• **Assignment**: Copy the lines below, word for word, from the first through the line containing "Dulap pentru haine, Miwood, Nisan". Leave the pictures out.

• **Provided material**:

□ □ □ □

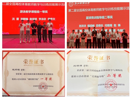 经过赛前的精心准备及比赛过程中在课堂教学与体育技能展示部分的激烈角逐,赵炫铭以总分排名游泳项目第一名的成绩,勇夺全国高校教师教学与训练比赛一等奖,刘洋洋以其精湛的专业教学水平荣获篮球“竞训指导组”二等奖。
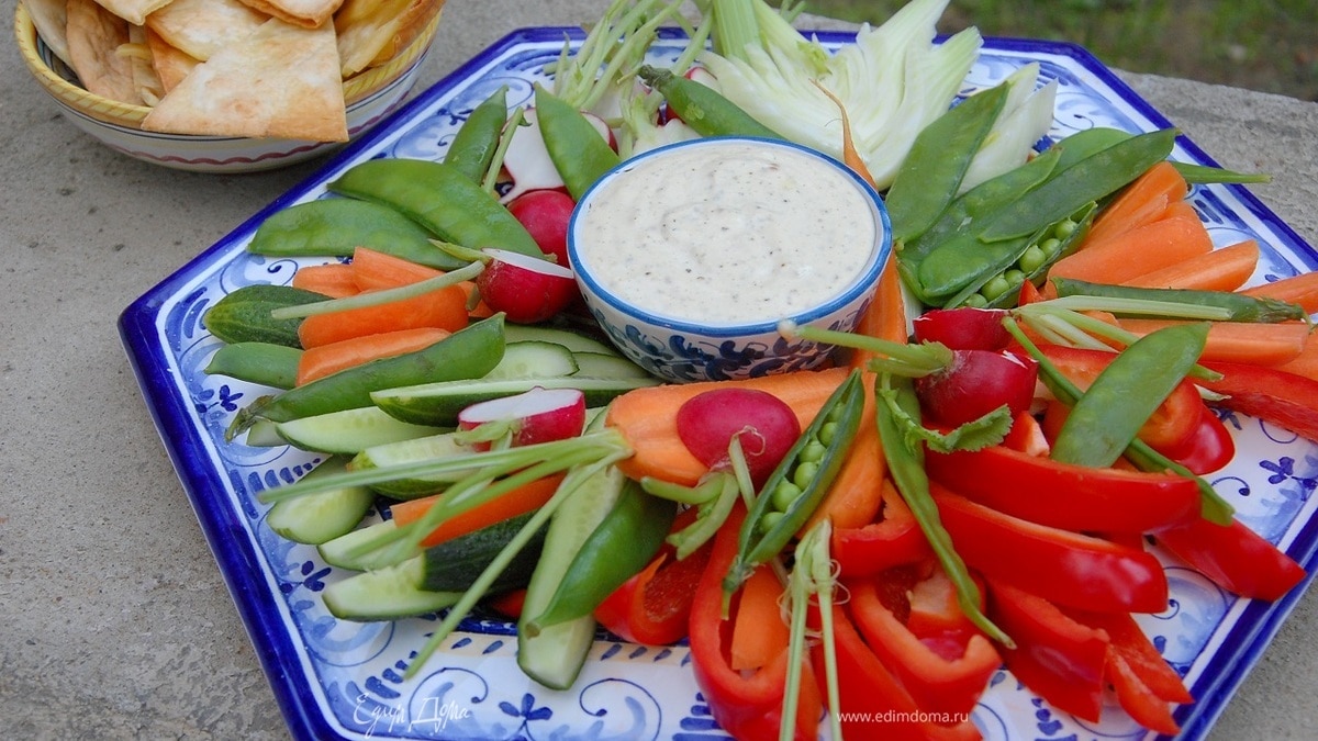 На большую тарелку выложить веером все овощи, в центр поместить пиалу с соусом и подавать с чипсами.
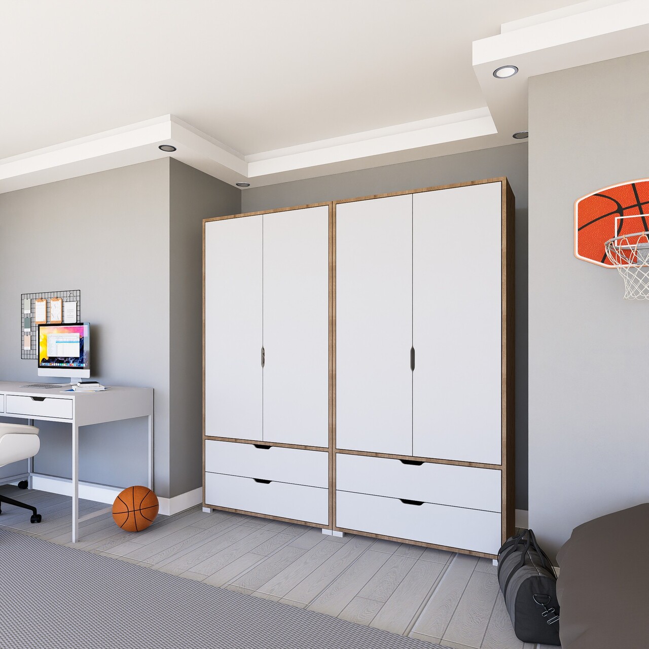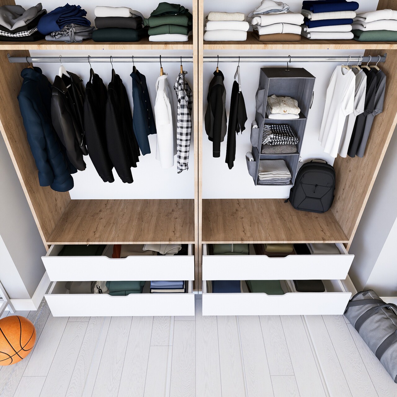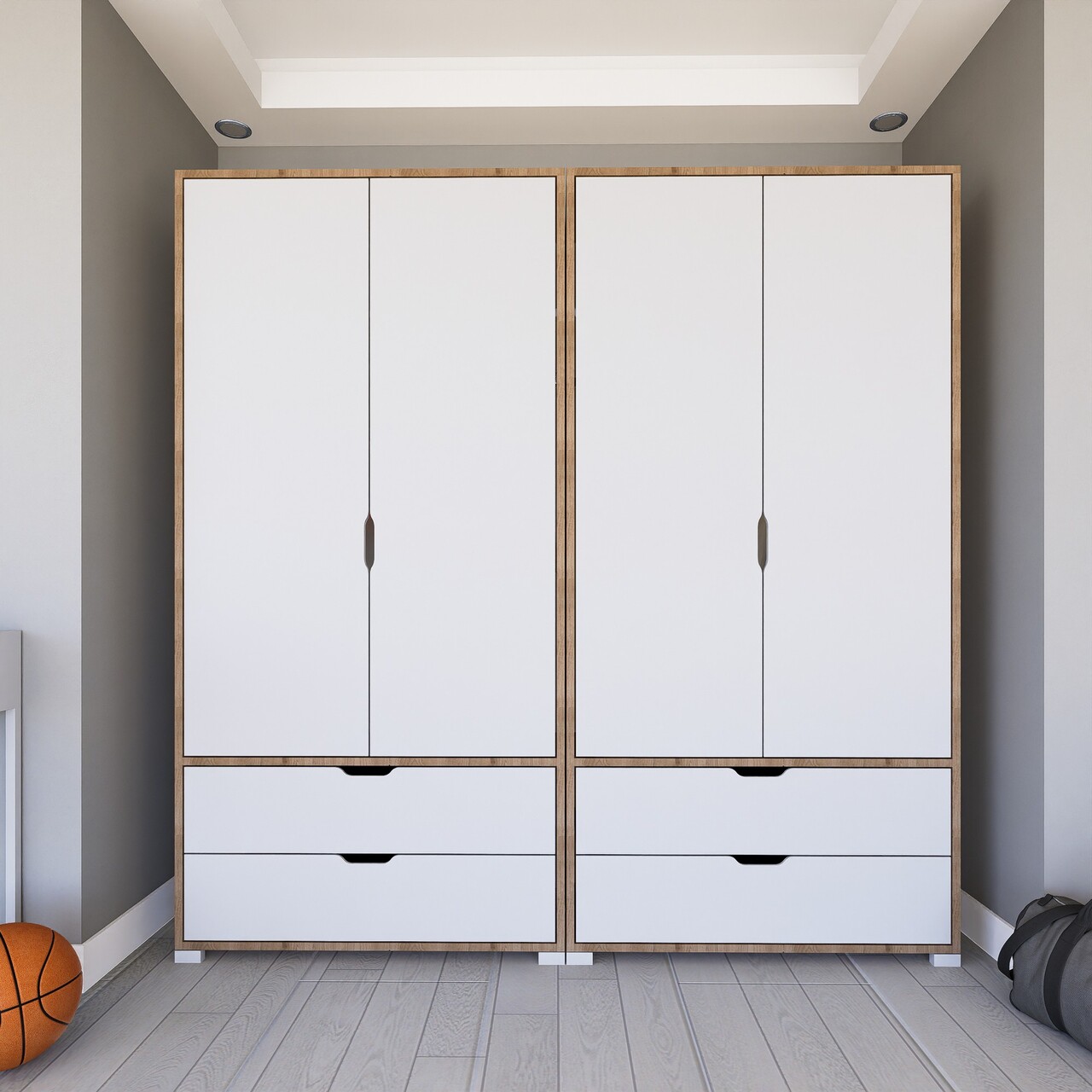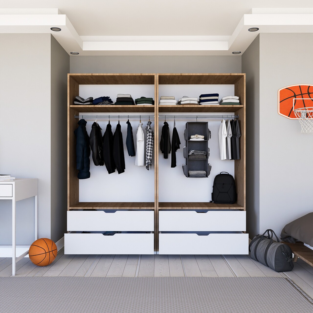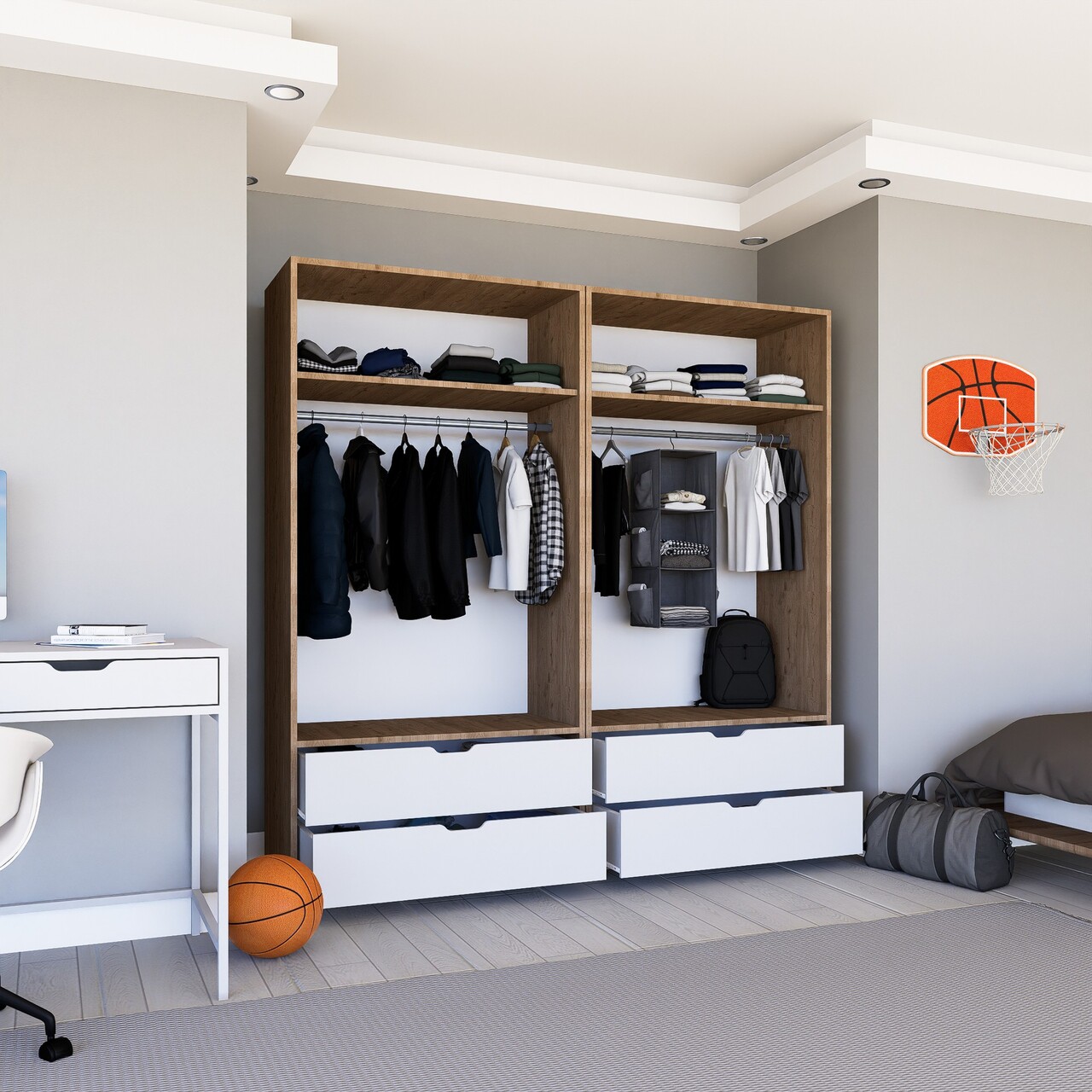 Dulap pentru haine, Miwood, Nisan 1600-021, 180x183x45 cm, PAL, Nuc deschis / Alb
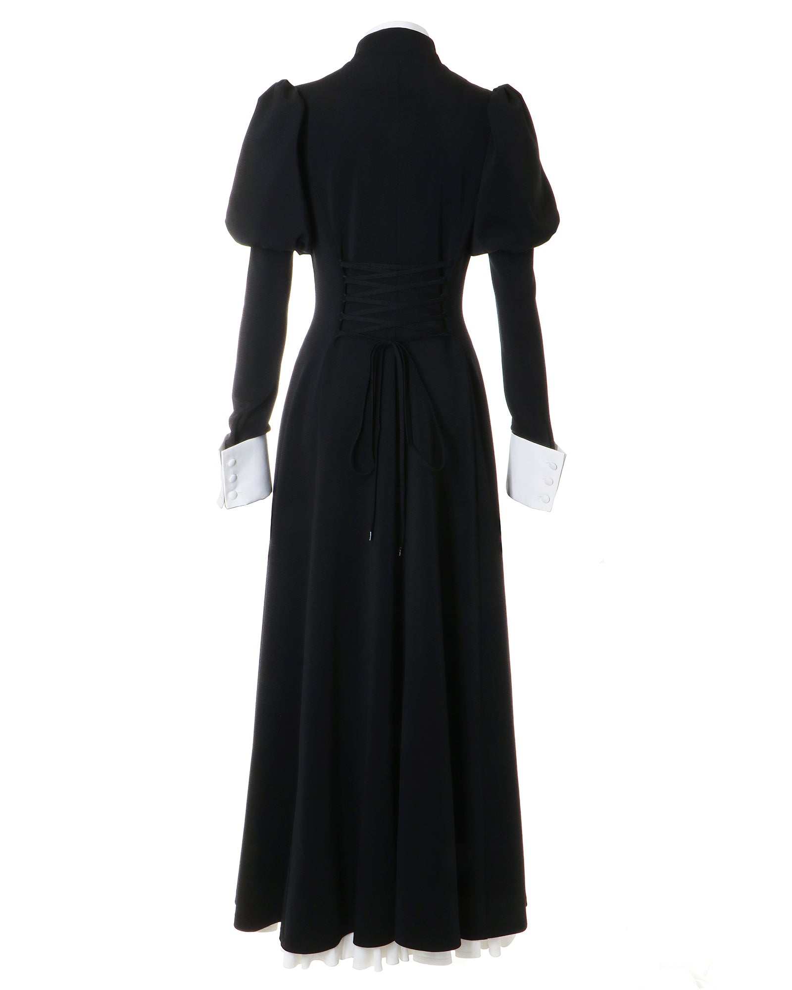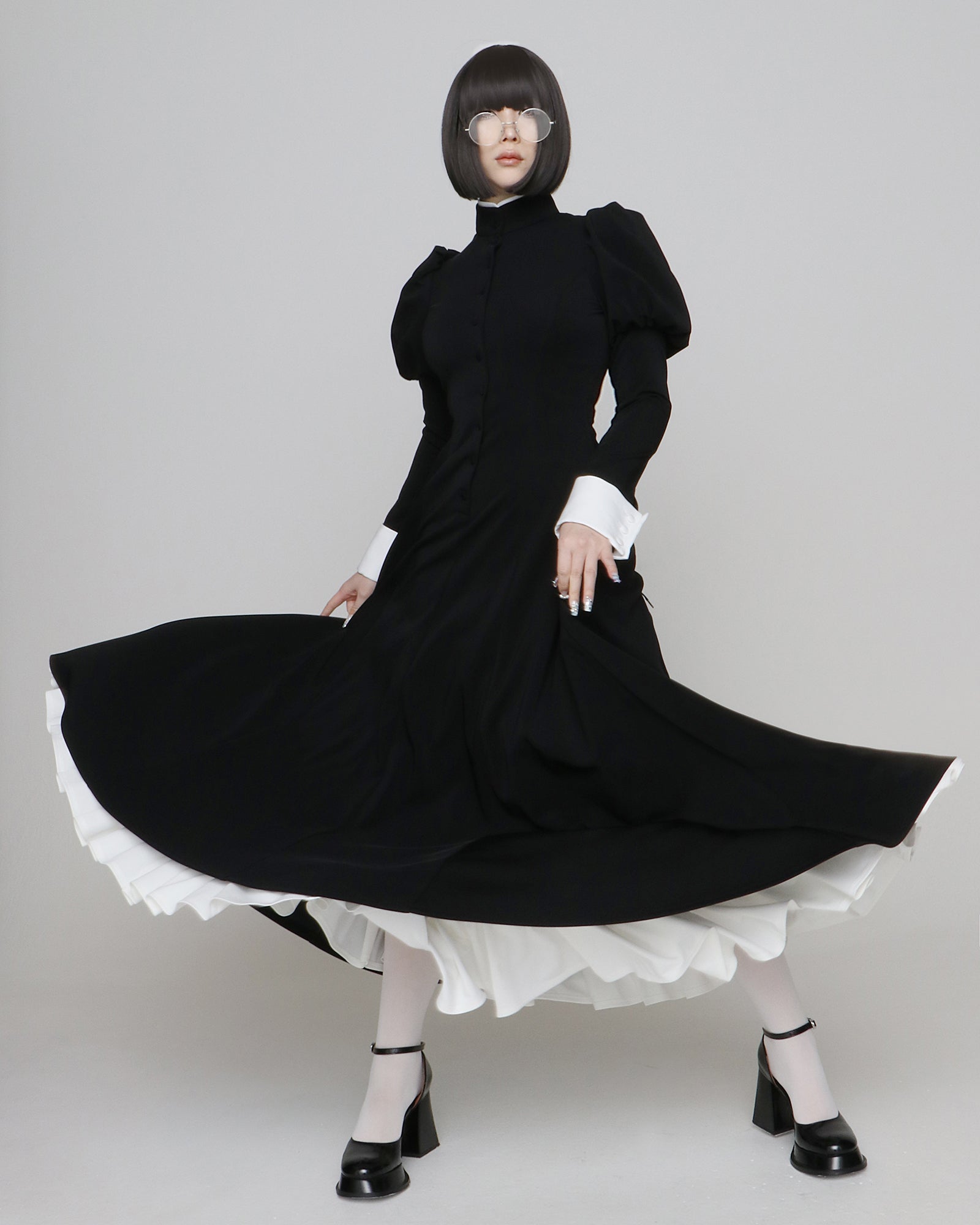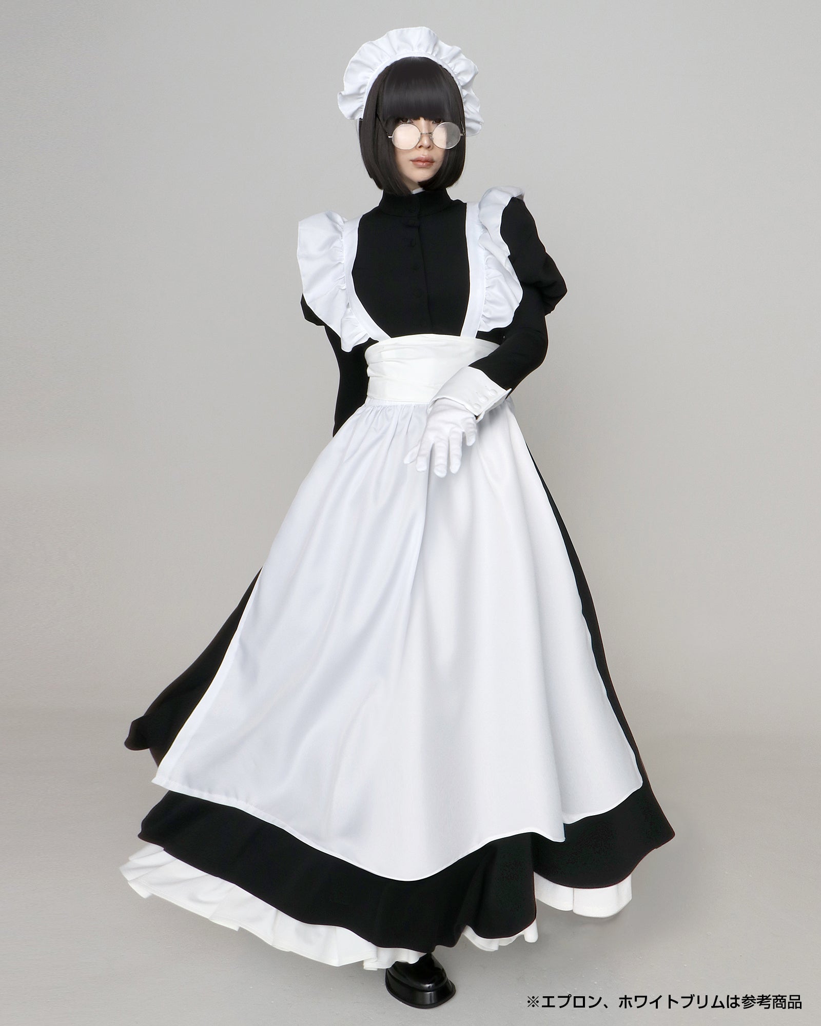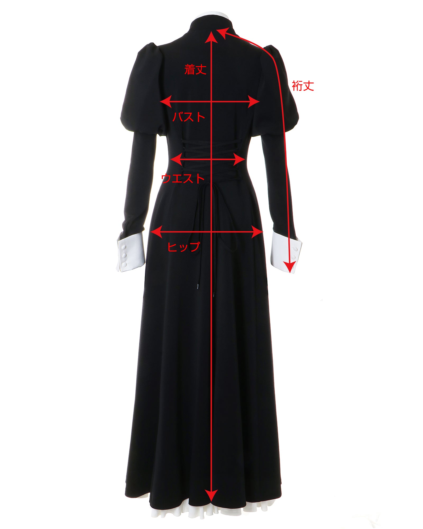 最重装備のメイドユニフォームスタイル。マキシ丈ワンピースでフロントボタンオープン。パフスリーブに3つ釦ホワイトカフス。禁欲的な詰襟にホワイトカラー。カフス、カラーは取り外し可能で、黒装スタイルで着用もできます。奉仕と貞節を極める重鎮重装メイドでありながら抑圧された狂気を内に秘めるメイド『キル(殺)』。

□ □ □ □

• **Answer to this exercise**:
 经过赛前的精心准备及比赛过程中在课堂教学与体育技能展示部分的激烈角逐,赵炫铭以总分排名游泳项目第一名的成绩,勇夺全国高校教师教学与训练比赛一等奖,刘洋洋以其精湛的专业教学水平荣获篮球“竞训指导组”二等奖。
 На большую тарелку выложить веером все овощи, в центр поместить пиалу с соусом и подавать с чипсами.
 Dulap pentru haine, Miwood, Nisan 1600-021, 180x183x45 cm, PAL, Nuc deschis / Alb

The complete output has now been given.